Stichting Third Space (Building Conversation) ontvangt een vierjarige subsidie 2017-2020 binnen het Kunstenplan van € 84.873 per jaar (incl. indexatie 2020). 
Voor de periode 2021-2024 vraagt Stichting Third Space (Building Conversation) bij het AFK een bijdrage van gemiddeld € 95.000 per jaar in het kader van het Kunstenplan. 


Artistiek belang

De commissie beoordeelt het artistiek belang als voldoende.
Building Conversation heeft volgens de commissie een unieke artistieke signatuur in de ontwikkeling en uitvoering van dialogical art, waarbij gespreksvormen het uitgangspunt vormen. Het leidt tot performances in een bijzondere combinatie van kunst en communitywerk, werkend vanuit een sterke inhoudelijke thematiek en een groot maatschappelijk engagement.
De opzet van Building Conversation vindt de commissie absoluut origineel te noemen. Het focust zich in zijn vorm op de interactie met het publiek, dat niet alleen deelgenoot is van het kunstwerk, maar het kunstwerk zelf vormt. De commissie vindt dat het gezelschap daarmee een herkenbare signatuur heeft in de vorm die het kiest. Het plan geeft voor de komende plannen veel theoretische en filosofische context en die wordt in de ideeën voor de projecten volgens de commissie vaak prikkelend vertaald, zoals het behandelen van het milieuvervuilende gedrag van de mens als een verslaving. De commissie vindt de artistieke eigenheid van de projecten voor komende periode in theatraal opzicht echter nog weinig overtuigend. Weliswaar worden de projecten van het gezelschap volgens de commissie vormgegeven in een theatrale setting, maar Building Conversation richt zich komende periode zoveel op de toepasbaarheid van de gespreksmethode buiten een culturele context, dat dit het artistieke karakter van de projecten minder evident maakt. De theatrale ruimte wordt in de plannen volgens de commissie meer als middel gebruikt om verbinding en dialoog op gang te brengen, dan dat hij dient als creatieruimte. Niet duidelijk wordt wat dit aan prikkelende nieuwe artistieke creaties oplevert.

De commissie ziet dat de impact van de performances van Building Conversation groot kan zijn bij het publiek. De deelnemers aan de projecten zijn direct betrokken bij de totstandkoming van het werk en krijgen zowel de rol van mede-maker als die van gesprekspartner. De inhoud en vorm van de gesprekken hebben een grote mate van maatschappelijke noodzaak. De impact die de groep bij het publiek wil creëren is het startpunt voor het gezelschap. Het publiek wordt echt uitgenodigd om stil te zitten en na te denken, en op wie zich ervoor open stelt kan dat een diepe indruk maken.
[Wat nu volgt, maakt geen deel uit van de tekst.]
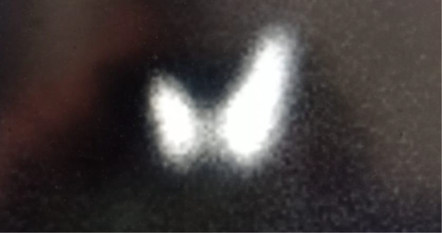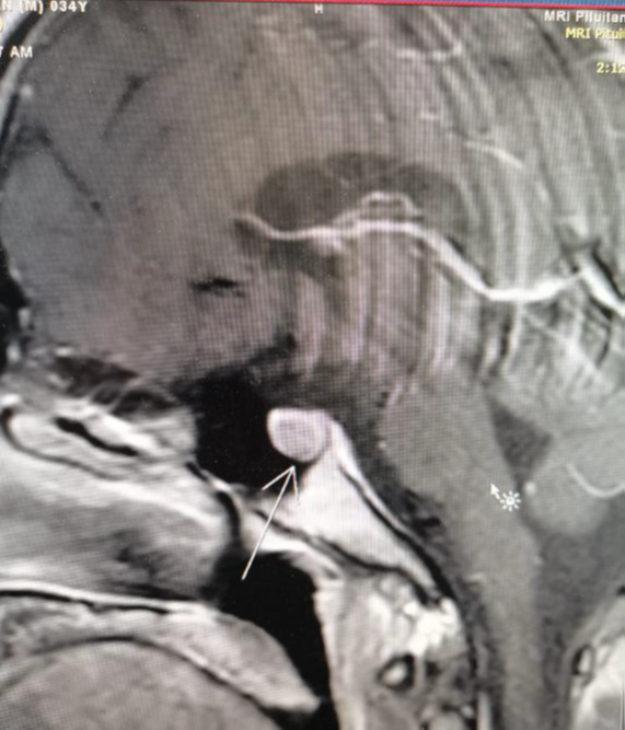 Our patient, Mr. X, a 34-year-old male, was referred to an endocrine clinic (in King Hussain Medical Center) to assess his thyroid status. Upon evaluation, he was anxious and irritated, and his sister said he had some behavioral changes for the last few months. He was usually calm and friendly, she said he lost weight despite his increased appetite. His past medical history was significant for epilepsy and minor cardiac anomalies (atrial septal defect and atrioventricular canal). During examination, he had a small firm goiter with no bruit or thrill on palpation. He also had tremors of outstretched extremities, but no opthalmopathy which can be related to thyroid disorders, galactorrhea, or acromogelic features. His heart rate was 105, and his blood pressure was 127/80. His laboratory investigations showed a thyroid function test (tft) with elevated TSH level 17 (normal range: 0.34–5.6 μU/L) and elevated free thyroxine level 2.46 (normal range: 0.7-1.8 ng/dl). We ran the test again, and it revealed similar readings. Previous thyroid function tests were normal, so a thyrotoxic condition was considered. A beta-blocker was prescribed to the patient, and it had a dramatic effect on controlling his symptoms. Ultrasonography showed a mild goiter with hypervascularity, and the thyroid scintigraphy scan showed thyroid enlargement with hypervascularity (Figure 1), so a diagnosis of hyperthyroidism was confirmed. An auto-antibody panel was sent, and it came back negative. The sex hormone binding protein was a high normal 51.97 nmol/l (range 18.3–54.1), the alpha subunit wasn't done due to unavailability. Growth hormone and prolactin were normal. In addition, pituitary magnetic resonance imaging (MRI) (Figure 2), (Figure 3), (Figure 4) was done, and it showed a microadenoma of 9.9*8.4 mm dimensions with no pressure effect on the pituitary stalk and optic chiasm. He underwent visual perimetry and his visual fields were normal. As we suspected a TSH-secreting pituitary tumor, a somatoastain analogue was given to the patient for both diagnostic and therapeutic purposes.4–7 Tsh level showed significant suppression (15 to 5 normal range: 0.34–5.6 μU/L), four weeks following the somatostatin analogue injection. As surgery is the first-line treatment for Tsh-oma, his case was discussed with the neurosurgeons, and the patient was sent for surgery. Before surgery, his heart rate was controlled by beta blockers, and then he underwent transsphenoidal surgery by an expert neurosurgeon with no significant postoperative complications.8

De commissie vindt wel dat de makers in de setting die de projecten bieden in grote mate gespreksleiders zijn geworden, in plaats van performers, waardoor dit het beoogd publiek wellicht een psychologische of filosofische betekenis geeft, die niet per definitie als artistieke betekenis kan worden beleefd. 

Building Conversation heeft volgens de commissie vanuit een zeer sterk engagement de dialogical art (her)ontdekt en zich deze compleet eigen gemaakt. Dit heeft geleid tot een tiental beproefde, thematische gespreksmodellen die steeds opnieuw inzetbaar zijn al naar gelang de situatie. Dit geeft Building Conversation een artistieke basis waar zij verder op kan bouwen. 
De organisatie wil zich ontwikkelen door een platform te zijn voor dialogical art en een blijvende factor in het verbinden door middel van gesprekken. Zij wil nieuwe onderwerpen benaderen met reeds ontwikkelde gespreksmethodes. Deze plannen tonen voldoende basis en reflectie op het verleden, maar de commissie mist de ambitie bij het gezelschap naar verdere artistieke ontwikkeling. Dat het gezelschap zijn methode naar een nieuwe doelgroep wil verleggen, vindt de commissie een positieve en spannende ontwikkeling. Wat haar minder overtuigt in het licht van de aanvraag bij het AFK, is dat de theatrale ruimte in de plannen volgens haar steeds minder van belang wordt. 


Belang voor de stad

De commissie beoordeelt het belang voor de stad als goed.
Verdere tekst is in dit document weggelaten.